_TASK INSTRUCTIONS_
Leaving out the pictures, copy each record below exactly.

_SUPPLIED MATERIAL_
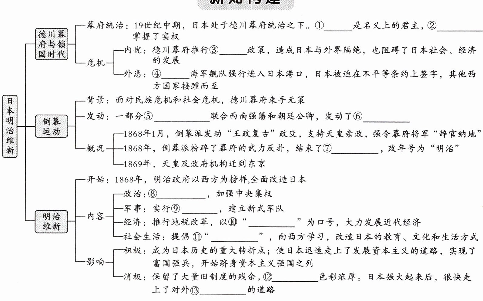 天皇@@幕府将军@@锁国@@美国@@中下级武士@@倒幕运动@@幕府统治@@废藩置县,加强中央集权@@征兵制@@“殖产兴业”@@“文明开化”@@军国主义@@侵略扩张
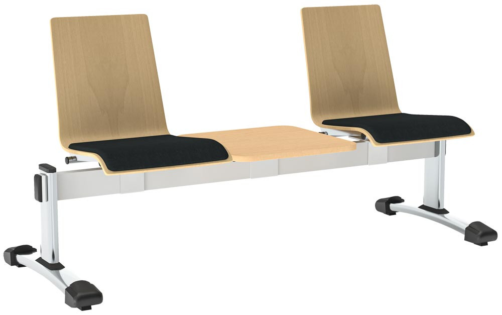∙ Mit 2,3 oder 4 Sitzelementen ∙ Integrierter Ablagetisch ∙ Tischplatte in Buchedekor mit ABS-Umleimer ∙ Sitzschalen aus 4-lagigem Buchenschichtholz, Stärke 4,5 mm ∙ Sitzpolster: Stärke 10 mm
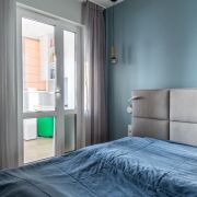 Спальня: современное решение для родителей – мастер-спальня с собственной гардеробной, санузлом и выходом на лоджию.
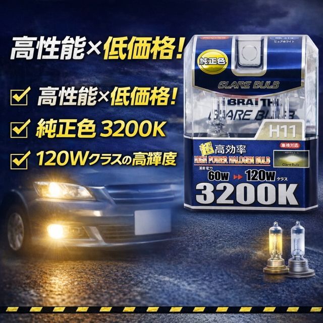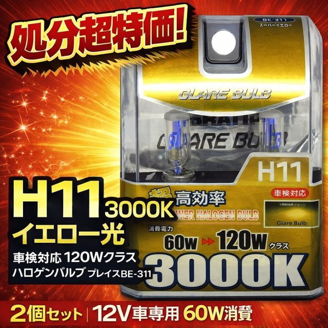 超特価 H11 3000K スーパーイエロー 120Wクラス ハロゲンバルブ 2個セット フォグランプ 雨雪霧に強い 視認性抜群 ブレイス BE-311車検対応
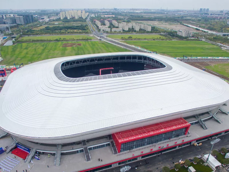 Toppen er vanligvis dekket med lette metallark eller gjennomskinnelige membranmaterialer, som ikke bare sikrer strukturen i strukturen, men også tar hensyn til kravene til estetikk og belysning. Gjennom teknologier som nettstrukturer og takstoler oppnår den en stor spenn-kolonnefri romdesign, noe som gir fleksibel utforming inne i arenaen og gir en åpen og uhindret utsikt for publikum.
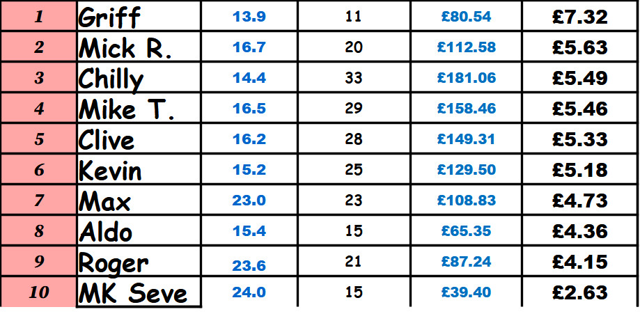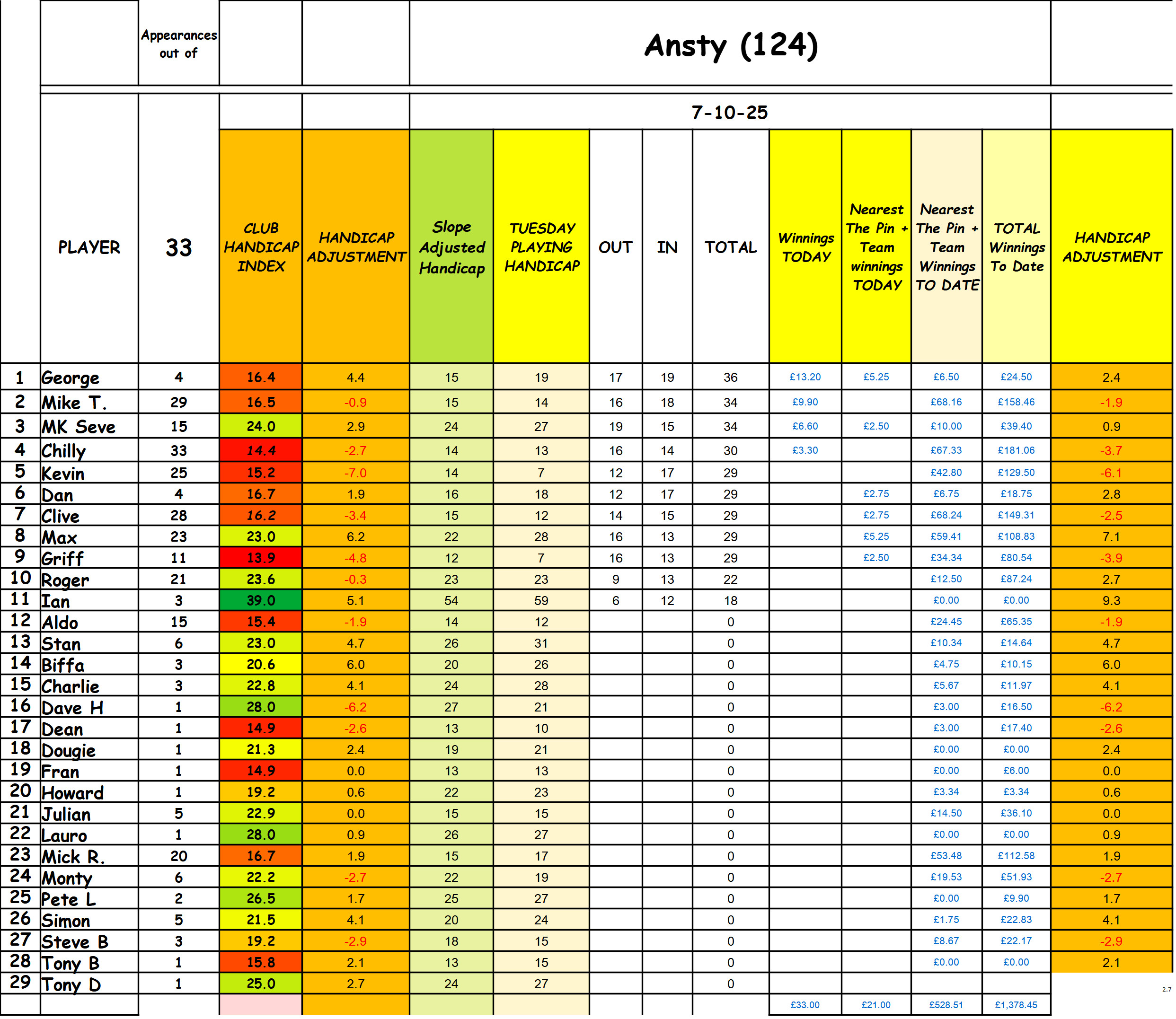 7-10-25 – Ansty (124) – George All The Way !! ROAD TO VILAMOURA 2025 TOP 10. Minimum of 10 appearances to qualify.
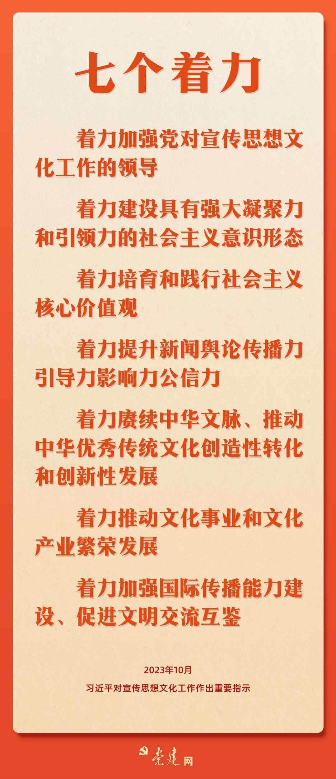 10月7日至8日,全國宣傳思想文化工作會議在京召開。會議傳達了習近平總書記對宣傳思想文化工作的重要指示,并首次提出習近平文化思想。快來一圖學習會議精神要點!
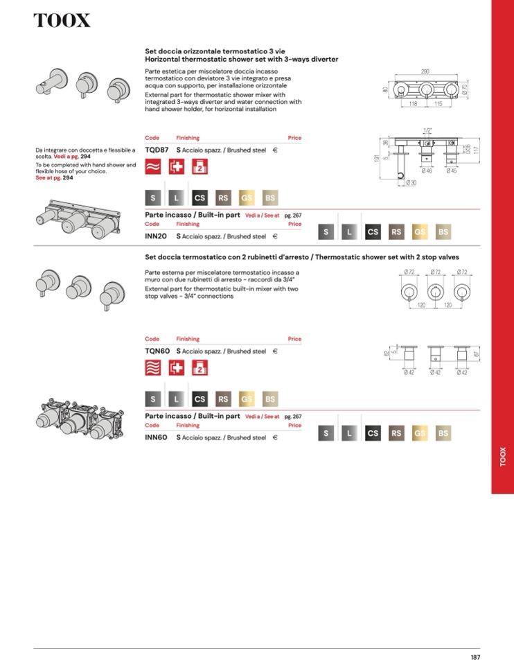 Set doccia termostatico con 2 rubinetti d’arresto / Thermostatic shower set with 2 stop valves
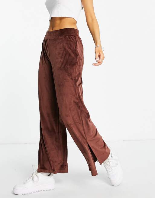 Threadbare Florida velour straight leg trousers with side split in chocolate brown
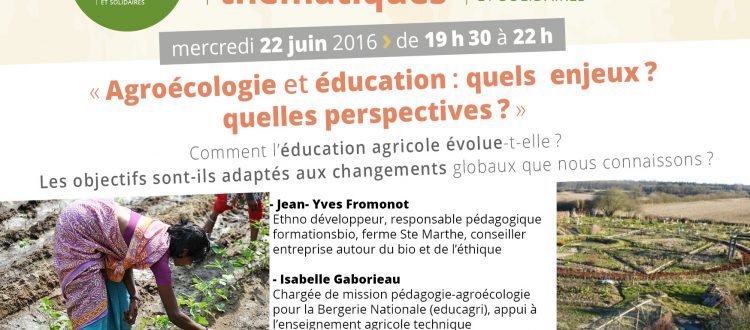 C’est avec engouement que le public a participé ce 22 Juin à notre 24 ème Apéro Thématique sur l’« Agroécologie et l’éducation : Quels enjeux ? Quelles perspectives ? ». Nous avons pu compter sur un constat général et précis à la question de l’éducation publique par Isabelle Gaborieau (Chargée de mission pédagogie-Agroécologie pour la bergerie Nationale, appui à l’enseignement agricole technique) et de l’exemple associatif de la Ferme Ste Marthe avec Jean-Yves Fromonot (Ethno développeur, responsable pédagogique de la « formationsbio », ferme st-Marthe, conseiller entreprise autour du bio et de l’éthique). Le débat fertile a apporté solutions pratiques et pistes de réflexions à un public venu y voir un peu plus clair dans les programmes éducatifs agricoles.
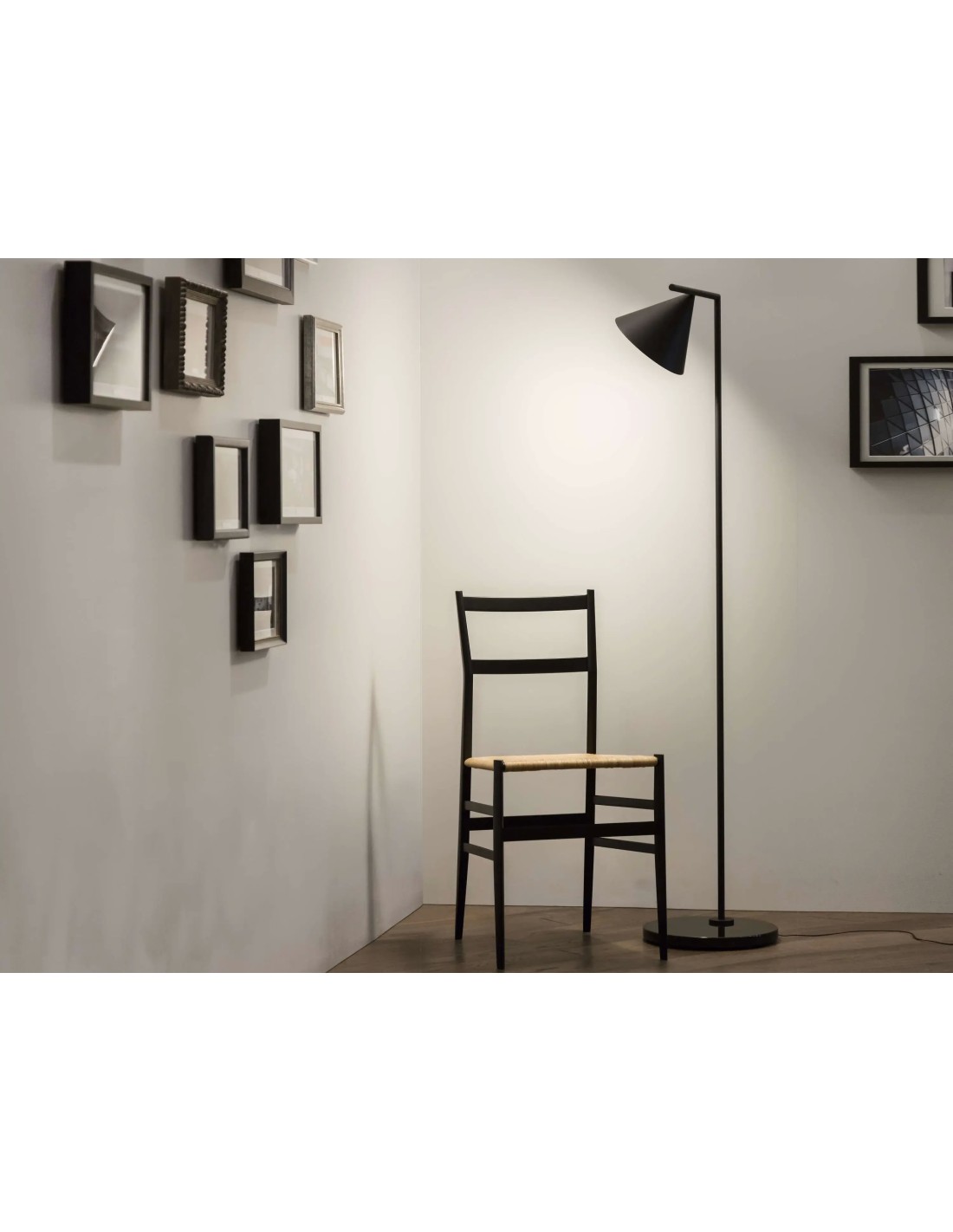 FlosApparecchio di illuminazione da terra a luce diretta direzionabile. Asta e cono in acciaio verniciato o ottone spazzolato.
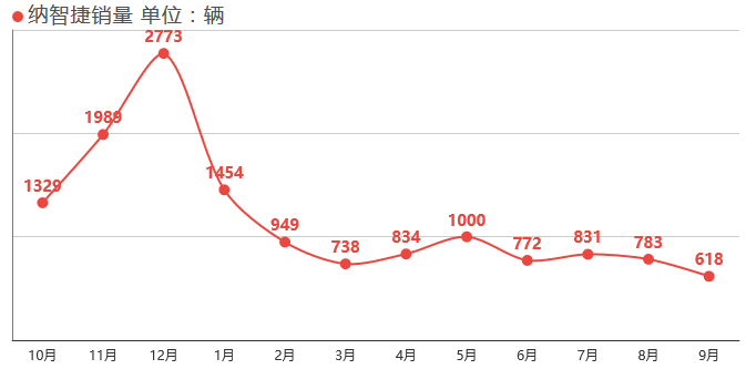 近三个月的销量也很可怜,7月份销量为831辆,8月份销量为779辆,9月份销量为618辆。2018年Q3季度纳智捷总共销量为2232辆,环比下降14%。今年1-9月累计销量7979辆,在所有车企排名第87名。
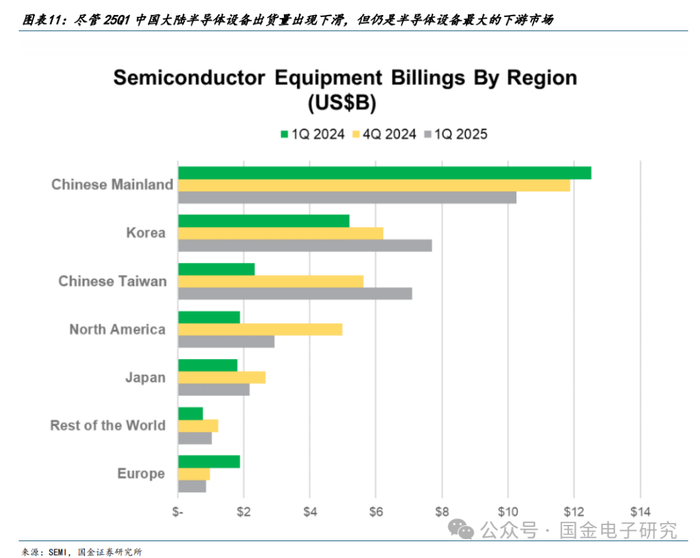 半导体设备板块:半导体设备景气度稳健向上,根据 SEMI 2025 年 6 月 6 日最新发布的报告来看,受益于人工智能热潮及自主可控大趋势,全球半导体设备市场 25 年一季度同比增长 21%,达到 320.5 亿美元,受季节规律影响,环比出现小幅下滑。分区域来看,中国仍是全球半导体设备最大的下游市场,25 年一季度中国大陆半导体设备出货量达 10.26亿美元,在 24 年高基数的情况下同比下滑 18%。

_PROBLEM SOLUTION_
 天皇@@幕府将军@@锁国@@美国@@中下级武士@@倒幕运动@@幕府统治@@废藩置县,加强中央集权@@征兵制@@“殖产兴业”@@“文明开化”@@军国主义@@侵略扩张
∙ Mit 2,3 oder 4 Sitzelementen ∙ Integrierter Ablagetisch ∙ Tischplatte in Buchedekor mit ABS-Umleimer ∙ Sitzschalen aus 4-lagigem Buchenschichtholz, Stärke 4,5 mm ∙ Sitzpolster: Stärke 10 mm
 Спальня: современное решение для родителей – мастер-спальня с собственной гардеробной, санузлом и выходом на лоджию.
 超特価 H11 3000K スーパーイエロー 120Wクラス ハロゲンバルブ 2個セット フォグランプ 雨雪霧に強い 視認性抜群 ブレイス BE-311車検対応
 Toppen er vanligvis dekket med lette metallark eller gjennomskinnelige membranmaterialer, som ikke bare sikrer strukturen i strukturen, men også tar hensyn til kravene til estetikk og belysning. Gjennom teknologier som nettstrukturer og takstoler oppnår den en stor spenn-kolonnefri romdesign, noe som gir fleksibel utforming inne i arenaen og gir en åpen og uhindret utsikt for publikum.
 7-10-25 – Ansty (124) – George All The Way !! ROAD TO VILAMOURA 2025 TOP 10. Minimum of 10 appearances to qualify.
 10月7日至8日,全國宣傳思想文化工作會議在京召開。會議傳達了習近平總書記對宣傳思想文化工作的重要指示,并首次提出習近平文化思想。快來一圖學習會議精神要點!
 Set doccia termostatico con 2 rubinetti d’arresto / Thermostatic shower set with 2 stop valves
 Threadbare Florida velour straight leg trousers with side split in chocolate brown
 C’est avec engouement que le public a participé ce 22 Juin à notre 24 ème Apéro Thématique sur l’« Agroécologie et l’éducation : Quels enjeux ? Quelles perspectives ? ». Nous avons pu compter sur un constat général et précis à la question de l’éducation publique par Isabelle Gaborieau (Chargée de mission pédagogie-Agroécologie pour la bergerie Nationale, appui à l’enseignement agricole technique) et de l’exemple associatif de la Ferme Ste Marthe avec Jean-Yves Fromonot (Ethno développeur, responsable pédagogique de la « formationsbio », ferme st-Marthe, conseiller entreprise autour du bio et de l’éthique). Le débat fertile a apporté solutions pratiques et pistes de réflexions à un public venu y voir un peu plus clair dans les programmes éducatifs agricoles.
 FlosApparecchio di illuminazione da terra a luce diretta direzionabile. Asta e cono in acciaio verniciato o ottone spazzolato.
 近三个月的销量也很可怜,7月份销量为831辆,8月份销量为779辆,9月份销量为618辆。2018年Q3季度纳智捷总共销量为2232辆,环比下降14%。今年1-9月累计销量7979辆,在所有车企排名第87名。
 半导体设备板块:半导体设备景气度稳健向上,根据 SEMI 2025 年 6 月 6 日最新发布的报告来看,受益于人工智能热潮及自主可控大趋势,全球半导体设备市场 25 年一季度同比增长 21%,达到 320.5 亿美元,受季节规律影响,环比出现小幅下滑。分区域来看,中国仍是全球半导体设备最大的下游市场,25 年一季度中国大陆半导体设备出货量达 10.26亿美元,在 24 年高基数的情况下同比下滑 18%。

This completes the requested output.